A blog post I took note of the other day over at NoThirdSolution, and elements from a recent conversation with my German teacher congealed into one formula that may help avoid pitfalls for those of us who sometimes face what I will call the Inevitable Question: “(But) How would the purely free market society handle X?”
The post
The post cited argued that the New Orleans/Katrina fiasco was a result of government intervention. Thus, to the question, “how would the purely free market society handle X?”—X being the flooding of New Orleans—a simple answer would be that no city would likely have been built in a known recurring flood zone without extensive and systematic government subsidization and encouragement. The fact that the city was there and not somewhere else safer may well already have been a creature of government subsidies, regulations (badly distorting the operation of the insurance market), and make-work programs (Army Corp of Engineers building the dikes, etc.).
Thus, the answer to the question, “How would the free market have built those dikes?” may well be, “only a government would have been stupid enough to waste resources on building those dikes and encouraging the growth of a city in a known flood zone.”
One lesson from this hypothetical little interchange is that there is not always a need to struggle to come up with a creative free market scheme for building useless or dangerous structures of the kind that the state might build.
The conversation
The second input to my thought process was a conversation with my German teacher in which the concept of a statefree political philosophy came up in response to a question about my preference for US president (none). She struggled for a moment (since I usually seem like a reasonable sort of fellow) to mentally frame what I had said until her mind hit upon the conventional strawman terms in which we are all taught to consider and dismiss this possibility: “you mean you don’t think there should be any rules.”
I noticed later that even this summation can be easily translated into the form of the Inevitable Question: “How would the purely free market society handle X?” with X in this case being a strawman situation in which there are no rules or enforcement mechanisms in a society: in other words, Hobbesian anarchy, the war of all against all. This meme operates in conventional discourse to immediately and irrefutably discredit the statefree position.
But Hobbesian anarchy is, of course, the exact opposite of the position of advocates of statefree civilization. Advocates of a free civil society argue instead in favor of a small set of very crucial basic rules, for their consistent enforcement, and for their equal application to all human beings.
The state as we know it exempts itself from such consistent rules when it taxes, hands out favors and special privileges, wages war, and so forth, and the result of this is a great deal of unpredictability, chaos, and destruction of life and wealth. Indeed, from this perspective, Hobbesian anarchy may approach a fair description not of a statefree civilization, but of states themselves in action, their employees only modestly checked by a modicum of justice and the rule of law.

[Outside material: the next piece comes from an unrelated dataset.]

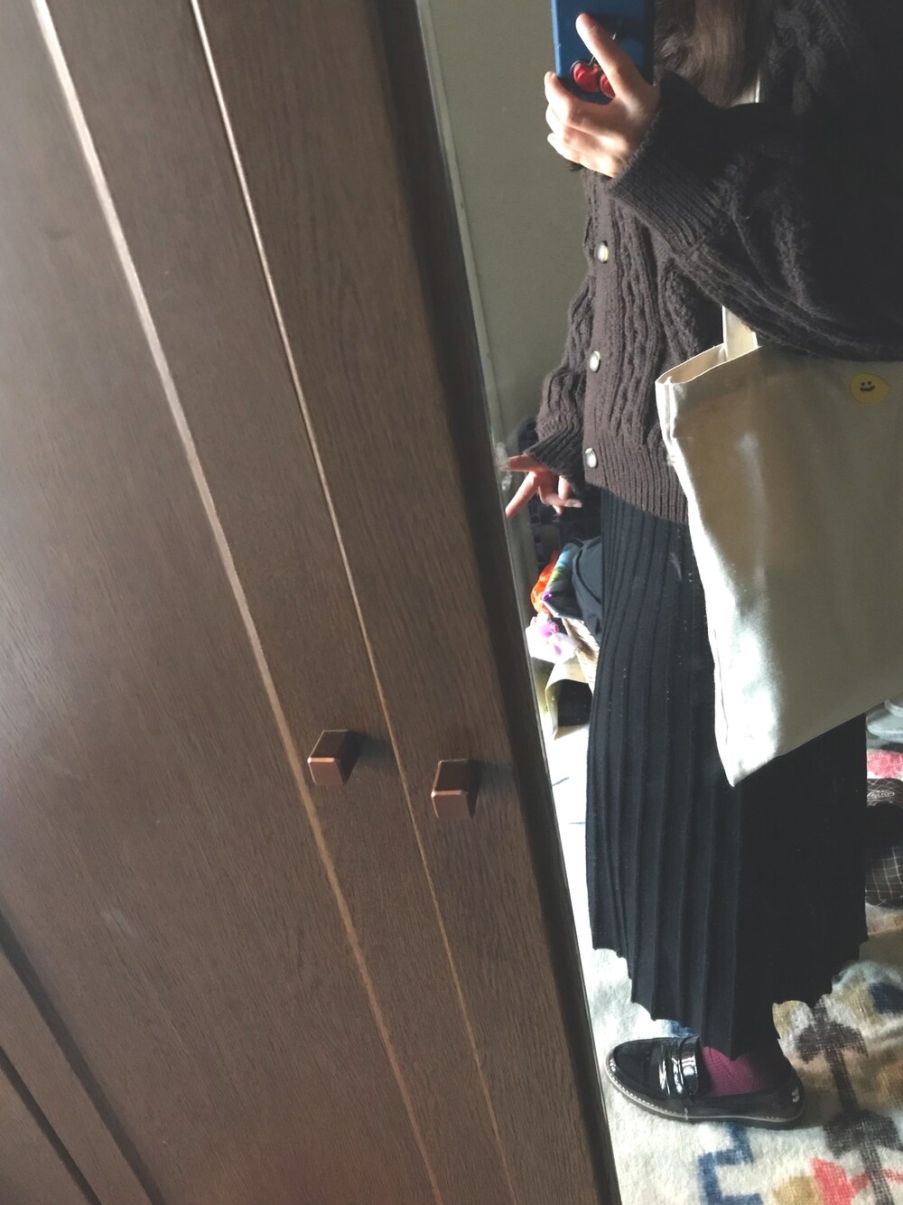 ブラウン系のニット/セーターを着用したレディースの冬コーディネートの1枚目の写真
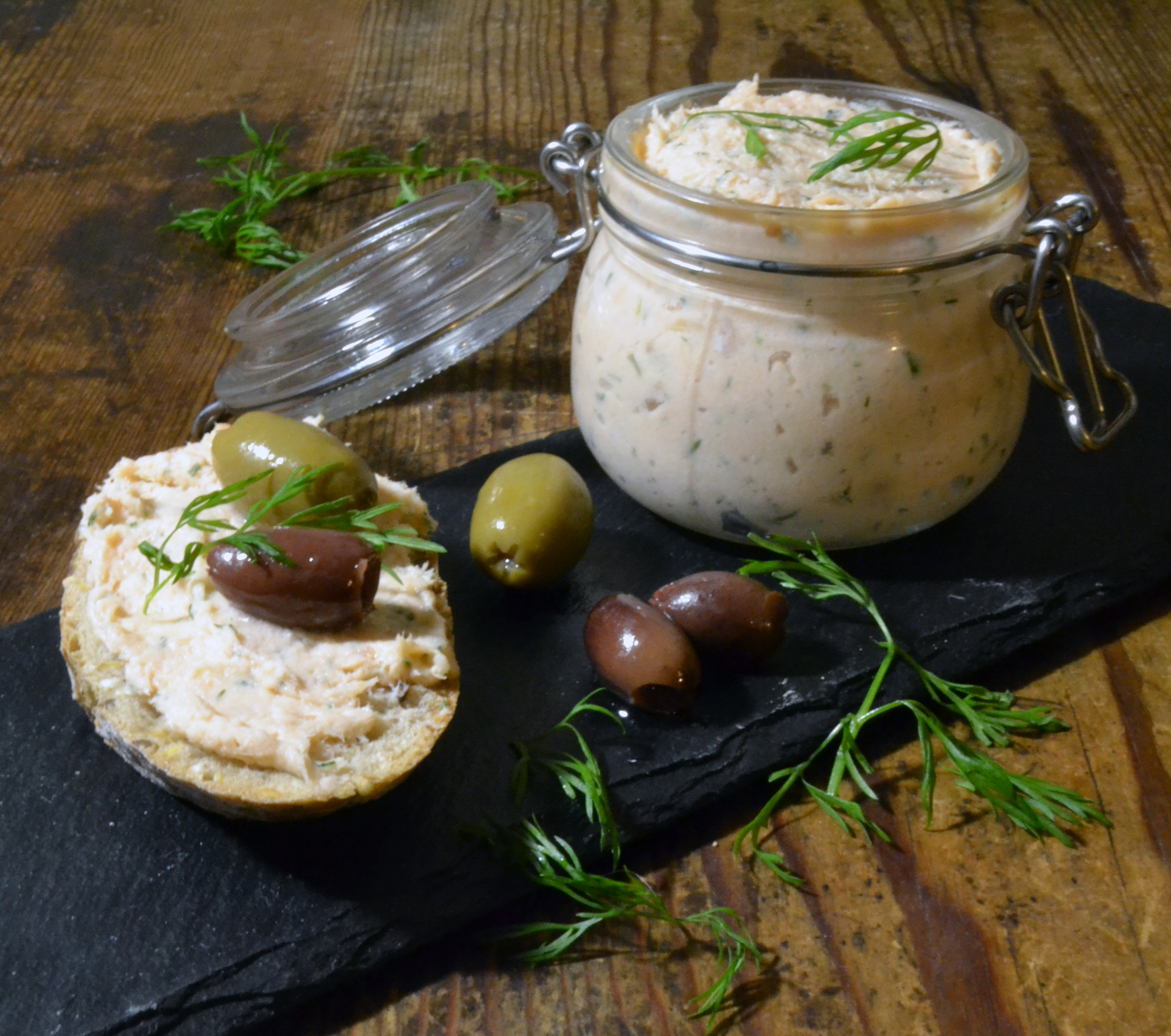 Är du mer inne på ett glas vin för de där grannarna som du bjöd in, så är jag svag för rillette, alltså en röra – lite som bredbar paté. Här finns recept på rillette de porc, fläsk, rillette de saumon, lax, och en vegetarisk champinjon- & valnötspastej.

Spotting the trick in the Inevitable Question
The first thing to realize about the Inevitable Question is that it presents a stacked deck. This is because X is almost invariably a serious problem, but it is most often a problem that is created by the activities or existence of the state itself. Thus, the Inevitable Question can seem useful in one sense, but in another sense can be dangerously misleading and may even be inherently nonsensical.
At some point during an often long study of history, economics, law, and other disciplines, after wading through endless swamps of misleading history, fanciful economic theories, false conventional wisdom and plain-old propaganda, some of us have eventually reached the stage of advocating shrinking the state, building civil institutions, and moving toward a civilization that is free of the proven and inevitable corruption, interference, and disruptions of the state.
Why? Because, among other reasons, the state creates unending problems in society, such as X.
Thus, one productive approach to the Inevitable Question might well take a general form like this:
“The purely free market would handle X by being the purely free market, in which case X would not be a problem, because X is a problem that is caused by the poisonous influence of the state. This is, in fact, among the very reasons we advocate the purely free market. Thus, a statefree civilization would not have to handle X, by definition. That’s why we recommend it.”
After trying out this formula with a few sample values for X: war, business cycles, inflation, homelessness, unemployment, lack of education, and a surprisingly long list of other possibilities, it seems that it might come in handy in many cases. It might help keep advocates of consistent justice in society from spending valuable time inadvertently defending negative effects of the state that we do not really wish to defend.
Most importantly, it might help keep us from trying in vain to construct ingenious methods by which a purely free market society might successfully build massive and idiotic monuments to the state. Indeed, most of us would probably just say let's skip those.